The story is familiar enough: Satan accuses Job of loving God for what he can get out of the deal (material blessing, in this case) and God allows Job to suffer immensely to test this theory.  The bulk of the book consists of a series of dialogues between Job and three “friends” who rehearse variations of a familiar approach to suffering: suffering is the result/consequence of sin.  Much of the book orbits around the idea that there is a one-to-one correspondence between human (mis)deeds and suffering.

As I reread this book, it strikes me that there are rare glimpses that even Job’s friends do not or cannot consistently understand suffering exclusively in these terms.  Job 5:6-7, for example, says this:

For misery does not come from the earth, nor does trouble sprout from the earth; but human beings are born to trouble just as sparks fly upward.
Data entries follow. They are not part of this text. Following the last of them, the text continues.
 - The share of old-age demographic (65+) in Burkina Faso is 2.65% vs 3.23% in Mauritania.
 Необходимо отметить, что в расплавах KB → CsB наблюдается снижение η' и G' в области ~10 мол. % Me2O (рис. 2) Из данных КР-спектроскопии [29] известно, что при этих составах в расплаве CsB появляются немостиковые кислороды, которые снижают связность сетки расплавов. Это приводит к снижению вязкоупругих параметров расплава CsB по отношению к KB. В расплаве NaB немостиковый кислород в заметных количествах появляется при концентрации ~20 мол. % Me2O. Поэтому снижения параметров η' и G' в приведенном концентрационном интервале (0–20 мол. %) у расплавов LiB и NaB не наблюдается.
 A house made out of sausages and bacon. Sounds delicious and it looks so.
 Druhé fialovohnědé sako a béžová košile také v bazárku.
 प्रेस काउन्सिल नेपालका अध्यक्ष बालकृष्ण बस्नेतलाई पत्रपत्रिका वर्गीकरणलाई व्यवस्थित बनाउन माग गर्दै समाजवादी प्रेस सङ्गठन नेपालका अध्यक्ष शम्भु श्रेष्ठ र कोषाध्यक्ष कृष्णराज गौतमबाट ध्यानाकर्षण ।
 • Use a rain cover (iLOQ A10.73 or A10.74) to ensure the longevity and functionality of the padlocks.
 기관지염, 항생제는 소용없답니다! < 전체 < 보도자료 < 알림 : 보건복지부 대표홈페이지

On one level, this passage seems to be a contradiction.  “Misery doesn’t just come out of nowhere,” it seems to say; yet we are “born to trouble”—it comes to us as naturally as sparks flying upward.  Is it possible that even Job’s misguided friend implicitly realizes that the one-to-one explanations of suffering and sin cannot always apply?  To be sure, there are many verses before and after this passage that suggest otherwise, but the statement is an interesting one, tucked away amidst a carefully preserved and articulated view of a “vending machine God,” from whom you always and only get what you put in.

Themes from the book of Job also make an appearance in an essay called “Wild Roses” by Peter Short in an anthology of Canadian religious writing called Northern Lights.  The title and content of Short’s essay comes from W.O. Mitchell’s Roses are Difficult Here.  Just as roses are difficult to grow in the harsh northern climate of Canada, so goodness, kindness, grace, and faithfulness are difficult in a world full of unexplained suffering.  Short expresses this beautifully and poignantly in his discussion of the experience of the absence of God:

It’s not the presence of problems or the presence of stress that makes roses difficult here.  It’s not the presence of anything.  It’s an absence.  It’s an abandoned and boarded up heaven.  It’s the silence of God and the aloneness in facing the world that makes roses so unlikely…
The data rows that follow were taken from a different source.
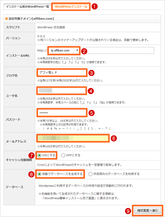 | 3 | 「WordPress簡単インストール」から必要情報を入力 |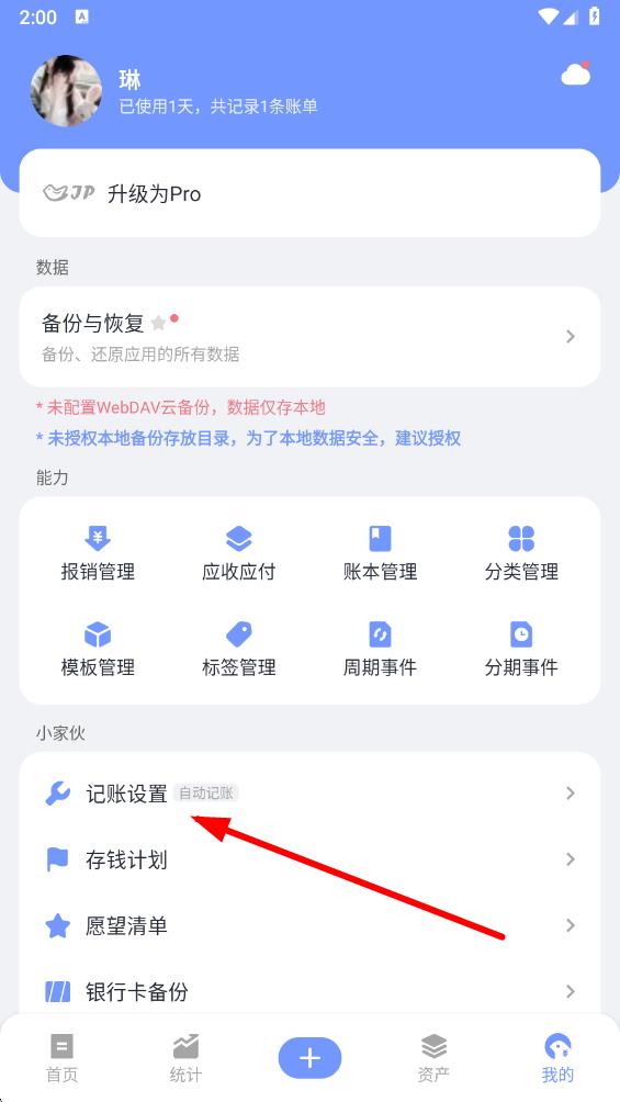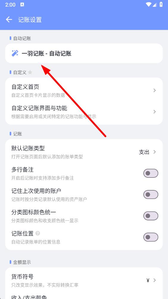 3、进入记账设置页面后,点击一羽记账自动记账选项。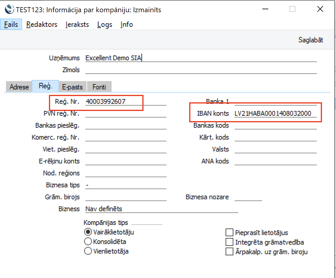 - Sistēmas moduļa iestatījumā Informācija par Kompāniju jābūt norādītam gan reģistrācijas numuram, gan IBAN kontam, turklāt reģistrācijas numuram ir jāsakrīt ar UnifiedPost (Fitek) noslēgto līgumu.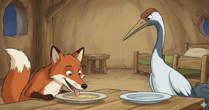 这天,狐狸请仙鹤吃饭,可他却很小气,端出一只平底的小盘子,盘子里盛了一点儿肉汤,他还一直说:“仙鹤大姐,别客气,请吃吧,吃吧?”仙鹤一看,非常生气,因为她的嘴巴又尖又长,盘子里的肉汤一点也没喝到,可狐狸呢,张开他那又阔又大的嘴巴。呼噜呼噜没几下,就把汤喝光了,还假惺惺地问仙鹤:“您吃饱了吧?我烧的汤,不知合不合您口味?” 仙鹤对狐狸笑笑说:“谢谢您的午餐,明天请到我们家吃饭吧?”狐狸正等着仙鹤的这句话呢,马上说:“好的,明天中午我一定去,一定去。”狐狸一心想在仙鹤家多吃点儿,这天晚饭没吃,第二天早饭也没吃,饿着肚子,早早来到仙鹤家等着吃午饭了。狐狸一进仙鹤家的门就闻到一股香味儿。他仔细闻了闻:“嗯,一定是在烧鲜鱼?”狐狸心里高兴极了。 狐狸坐到饭桌前,不一会儿,仙鹤端出一只长颈瓶子放到狐狸面前,指着瓶子里的鱼和鲜汤说:“狐狸先生,请吃吧,别客气?”狐狸望着那么一点大的瓶口,他那阔嘴巴怎么也伸不进去。闻着香味,肚子饿得咕咕叫,馋得直流口水。狐狸什么也吃不到,只能看着仙鹤把又尖又长的嘴巴伸进瓶子里,把鱼吃了,汤喝光,还客气地劝狐狸:“吃吧,放开吃吧?”

At the same time we know that the absence, for all its dread, is not new.  Our people have seen this before.  It is recorded in our ancient stories.  It’s no use to be condemning the modern world.  Not use launching into a diatribe against technology or an indictment of consumer culture or a tirade against Sunday shopping.  The absence of God is not caused by those things.  The absence of God is as old as the hills.  Older.  The Book of Job knows all about it… his biggest problem, the one he rails and rages and rebels against, is the absence…
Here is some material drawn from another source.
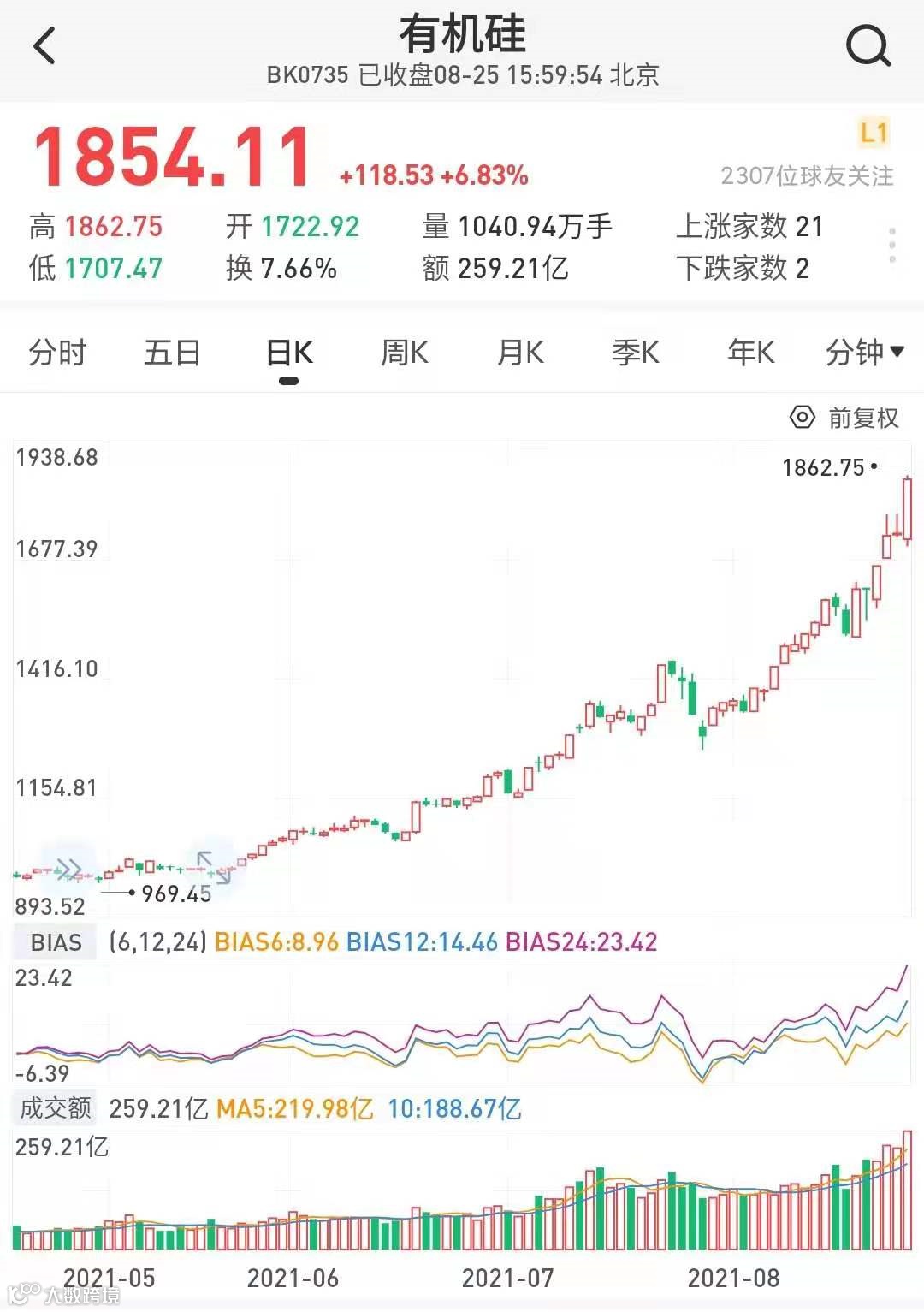 只要与有机硅概念相关,今年股票都大涨,但目前紧缺的DMC跟金属硅,生产厂家并不多。

We are, most of the time, children of a dreadful absence.  We are citizens of a wild kingdom, a kingdom we may belong to but which never belongs to us.

In this wild kingdom, roses are difficult.  In this wild kingdom, we are born to trouble as surely as sparks fly upward.  But it is in this wild kingdom that God has placed us, and it is in this wild kingdom that we are to work out our faith with fear and trembling (Phil. 2:12)—sometimes literally!  And it is in this wild kingdom that we hope and we love and we follow and we wait for our experience of the absence of God to be dispelled by his glorious and unambiguous presence.  Short’s essay beautifully concludes thus:

But mark this.  One day God will appear.  Like that ragged figure Flannery O’Connor describes, the one that moves from tree to tree in the back of the mind.  Or like the glory appearing over a distant hill.  Or like a morsel of bread dipped in a cup.  Or like a rose blooming amid the cold of winter when half-spent is the night.

Then you will know why you kept the faith—or more truthfully, why the faith kept you.  On that day when the wild and holy one appears you can say, “Glory, I’ve been watching for you and waiting.  I’ve been hoping you’d come.  Roses are difficult here.